魏子煜:“我们又没什么坏心眼,怕他做什么。”
爱月没看他:“也是。”
是没什么坏心眼。
可也并非好心眼。
很快沈婳也到了,三人约了吃晚饭,准确说,是魏子煜约了爱月,爱月叫上了沈婳。
沈婳:“我迟到啦,吃什么?”
爱月看魏子煜,魏子煜看沈婳:“你定吧。”
她正考虑着,马路旁停下一辆车,车门打开,顾崇走了过来。
他朝爱月递过来什么东西:“林小姐,你的东西落车上了。”
爱月低头一瞥,脸绿了。
是一支口红,还是斩男色,赤.裸.裸的勾引。她下意识掏口袋,空的,什么时候从大衣口袋里掉出去了?
“……不,不好意思……还麻烦你亲自跑一趟。”爱月没敢抬头。
顾崇微笑:“林小姐客气了,再见。”
顾崇走了,沈婳跳上来一把抓住林爱月:“我靠林爱月!还说没谈过恋爱!连故意落下口红这种事你都会干了!”
“……我真的不是故意的。”
“那个大老板很帅吗?才认识几天啊你就勾引人家。”
“——我真的不是故意的!”
“你不故意,只怕人家不这么认为哦。”
……
后来的饭桌上,沈婳没放过林爱月。
林爱月算是少有的顶着“东大院生”光环还有不少追求者的女生,大概还是,颜即正义。
但这位小姐姐似乎认为恋爱和自己有些格格不入。
高中时接受了一个男孩的告白,恋爱过程就是两人每天一起学习,最后还是男孩提的分手。他也没亏,从爱月这里取到的经,让他考去了复旦。
本科阶段她沉迷于看书和野生动物保护,以及把学校的奖学金轮了个遍。
“是一个专注于做事情的女生”。同学们对她的评价大致如此。
她的追求者名单里,有智商卓绝的科研人才,满腹经纶的畅销书作家,小有成就的创业新秀,总之绝对是一等一的优质男。
可“恋爱”这件事,似乎并不在她的规划中。
所以故意落下口红这种事发生在林爱月身上,太匪夷所思了。
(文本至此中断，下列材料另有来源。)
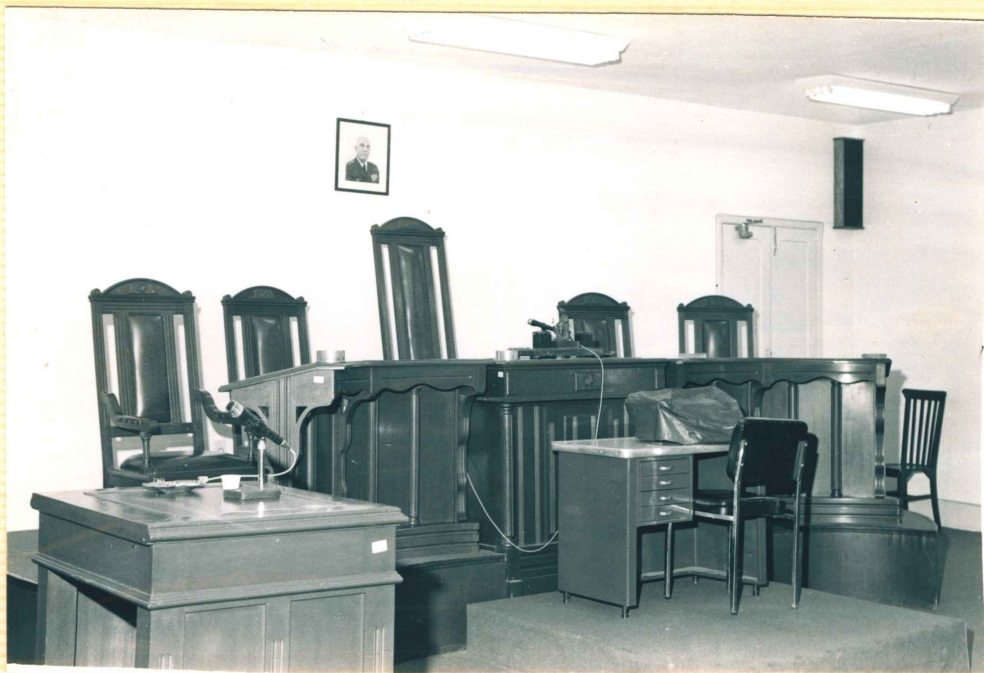
SALA DE SESSÕES (VISTA PARCIAL)
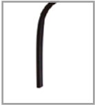
Metallfuß versch. Metallf.
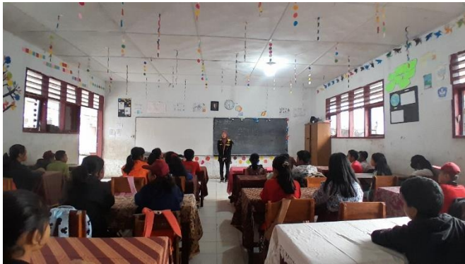
Peneliti menjelaskan cara pengisian angket

而那位对象于她的追求者在身份品级上的跨度也是相当匪夷所思。
相比起沈婳,林爱月更在意的是:“——他真的会误会?”
沈婳把那支白色Tom Ford举到她面前,挑眉:“7号斩男色,你觉得呢?”
爱月没说话,魏子煜盯着那支口红,也没说话。
沈婳:“天上突然掉一个顶配优质男,你怎么这种表情?借此契机发展下去嘛!”
半天,爱月回了句:“那我要不要解释我不是故意的?”
沈婳:“……”
晚上回到家,爱月还在考虑,要不要解释?解释,有些欲盖弥彰;不解释,怕真如沈婳所言。
她也知道,沈婳这么殷勤,是为了早点杜绝她和魏子煜的可能。对男人她一窍不通,对于闺蜜的心思,她是捉得细腻的。
有学妹发来消息约她明天辅导复习,这事她就忘了。
第二天上午约在学校的星巴克。
“先把所有的端口地址转化为二进制数。”
“……?”
“十六进制转化为二进制数,不会吗?”
“……不会。”
这部分知识,最早出现在大一课本里。找到爱月也就因为她脾气好,换了别人碰到这种情况,只怕会直接怼一句“你是怎么考进东大的啊?”
学妹才答完,爱月手机响了,是顾崇。
“林小姐,打扰了,我现在就在咖啡厅门口,您方便出来一下吗?”
……难道她又落了东西?
鹿与猕猴
走出咖啡厅,顾崇站在那里,手捧一只黑色盒子,爱月只瞥一眼,心跳骤升一拍。
顾崇迎上前来,打过招呼,直接把盒子递了过来:“先生派我来给您送一份小礼物,希望您喜欢。”
极有质感的盒子中央是一块金色,上面烫着一串凌厉的TOM FORD。爱月知道,里面装着全套口红。
她着实吓到:“应先生为什么突然送我这么贵重的礼物?”
“林小姐言重了,更贵重的是先生的心意,您教导小少爷,没有及时表达谢意才是我们失礼了。”
“先生真的客气了,应先生和应小姐都很尊重我,怎么会失礼。”
“小小礼物不成敬意,林小姐就不必客气了。”
顾崇最后说:“明天上午九点我准时过来接您,林小姐。”
……
晚上爱月在沈婳之前回了家,把盒子藏了起来。
她一头栽进被单,打开应绍华的短信对话框:
“应先生,昨天落了口红还麻烦您送了回来,不好意思,谢谢您的礼物,您真的客气了……”
“应先生,谢谢您的礼物,您信任我教晨晨也是我的荣幸,不用这么客气。还有昨天落了口红……”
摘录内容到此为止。